Doctors are more likely to adopt a treatment when the treatment-effect is expressed using a larger, more impressive number, even though the information underlying calculations of absolute and relative risk is identical. Thus, trial sponsors (frequently pharmaceutical companies) typically emphasize the larger relative risk reduction. But whichever way treatment-effect is expressed, reporting a single number gives the misleading impression that the treatmenteffect is a property of the drug rather than of the interaction between the drug and the complex risk-benefit profile of a particular group of patients. Consider what happens when sicker patients are enrolled and the rate of the problematic outcome in the trial goes up. If the relative risk reduction stays the same, the absolute benefit must get proportionally larger. This reflects our intuition that sicker patients have potentially more to gain from therapy.

But when treatments have even a small risk of serious harm, the differences in treatmenteffect may not just be a matter of degree. Indeed, some patients may benefit substantially from a treatment even when the overall results from a trial are negative. Or a treatment with benefit on average may be extremely unlikely to help most patients, while being more likely to harm than help some others. But unless the trial investigators analyze their data looking for these subgroups, the physician cannot know whether they exist.

Hidden Risks

Harm to a few was the problem lurking in the statistics of the landmark GUSTO study, which compared two thrombolytic (clot-busting) drugs for heart-attack victims. In the 1970s several drugs were found that could dissolve a clot and restore blood flow to heart muscle before it was irretrievably damaged. One of these was streptokinase. But in 1978 a Belgian scientist discovered that the cells lining blood vessels made an enzyme, tissue-type plasminogen activator, or t-PA, that also dissolved clots. In the early 1990s the biotechnology company Genentech, which had succeeded in genetically engineering this enzyme, and the National Institutes of Health sponsored a huge clinical trial of streptokinase and t-PA.

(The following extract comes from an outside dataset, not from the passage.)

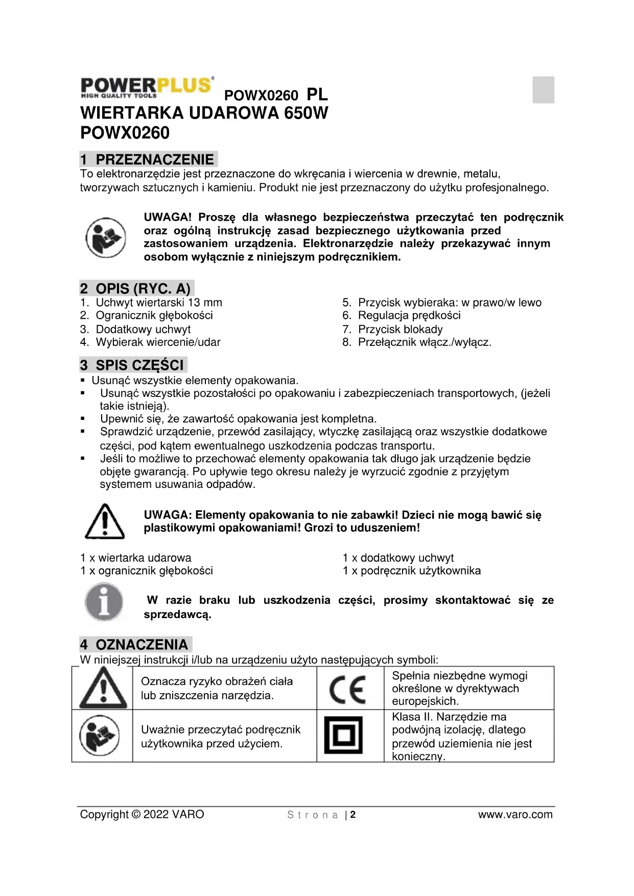 Klasa II. Narzędzie ma podwójną izolację, dlatego przewód uziemienia nie jest konieczny.POWX0260 PL Copyright © 2022 VARO S t r o n a | 3 www.varo.com

The trial showed that t-PA was considerably more effective than streptokinase, reducing the relative risk of death by about 15 percent. The newer drug was also much more expensive than streptokinase, but analysis showed that its benefits justified the additional expense. Following the GUSTO study, use of streptokinase declined dramatically, and it is now very rarely used for heart attacks in the U.S.

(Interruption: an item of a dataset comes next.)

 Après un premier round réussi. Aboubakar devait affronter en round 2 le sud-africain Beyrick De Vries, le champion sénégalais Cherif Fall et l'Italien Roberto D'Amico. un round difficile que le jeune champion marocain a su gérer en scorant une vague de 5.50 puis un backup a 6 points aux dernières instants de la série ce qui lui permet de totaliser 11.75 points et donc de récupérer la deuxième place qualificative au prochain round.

Of course, t-PA does not reduce every patient’s risk by the same amount. Consider, for example, two patients who both qualify for thrombolytics. Estragon is 72 and diabetic. When he arrives at the emergency room by ambulance, he is experiencing severe chest pain and has a rapid pulse and low blood pressure. An electrocardiogram indicates a heart attack affecting a large and vital area of the heart muscle. Vladimir, 52, has stable vital signs and no chronic illnesses. He has come to the emergency room complaining of chest pressure. His electrocardiogram indicates that he has had a heart attack affecting only a small area of the heart muscle.

Given his condition, Estragon’s mortality risk without thrombolytics would be about 25 percent, whereas Vladimir’s would be close to 2 percent. Estragon is at such high risk of dying that the potential benefits of t-PA clearly outweigh any risks or costs associated with this agent. But it is not clear that t-PA would benefit Vladimir, who is highly likely to survive no matter which thrombolytic agent he receives. In fact, if Vladimir has high blood pressure or a history of stroke, both of which would increase his risk of intracranial bleeding, giving him the more potent t-PA might actually increase his risk of dying (albeit only slightly).

In the GUSTO trial lower-risk patients like Vladimir were much more common than higher-risk patients like Estragon. When we re-analyzed the GUSTO results using mathematical models that estimated the risk of death based on patient characteristics, we discovered that t-PA primarily benefited a subgroup of high-risk patients. Trie highest-risk quartile of patients accounted for most of the outcomes that gave t-PA the edge over streptokinase. Paradoxically, even though the overall results of the trial suggest that t-PA is better and clearly worth the extra risks and costs, the benefits for the typical patient in the trial are less, and the trade-offs less clear.

Hidden Benefits

Summarizing trial results may exaggerate the benefit of treatment for some patients, but the reverse is also possible: A negative overall result can hide significant benefit to some patients. Consider, for example, the ATLANTIS B trial, undertaken in the late 1990s. This trial tested the efficacy of t-PA in treating strokes instead of heart attacks. Strokes are trickier than heart attacks because the thrombolytics must be given much sooner (within 3 rather than 12 hours) and the risk of thrombolytic-related intracranial hemorrhage is much greater (probably 6 or 7 percent instead of 1 percent).

Earlier clinical trials had shown that t-PA did not yield any overall benefit if it was administered more than three hours after the patient first had symptoms of a stroke. This short window of opportunity meant t-PA was given to fewer than 5 percent of stroke patients. To re-test the treatment window, ATLANTIS B enrolled patients arriving for treatment between three and five hours after the onset of symptoms of a stroke. The trial demonstrated no overall benefit for t-PA (treated patients were no more likely than those who received a placebo to recover normal or near-normal function). Moreover, as mentioned above, treatment with t-PA substantially increased their risk of intracranial hemorrhage.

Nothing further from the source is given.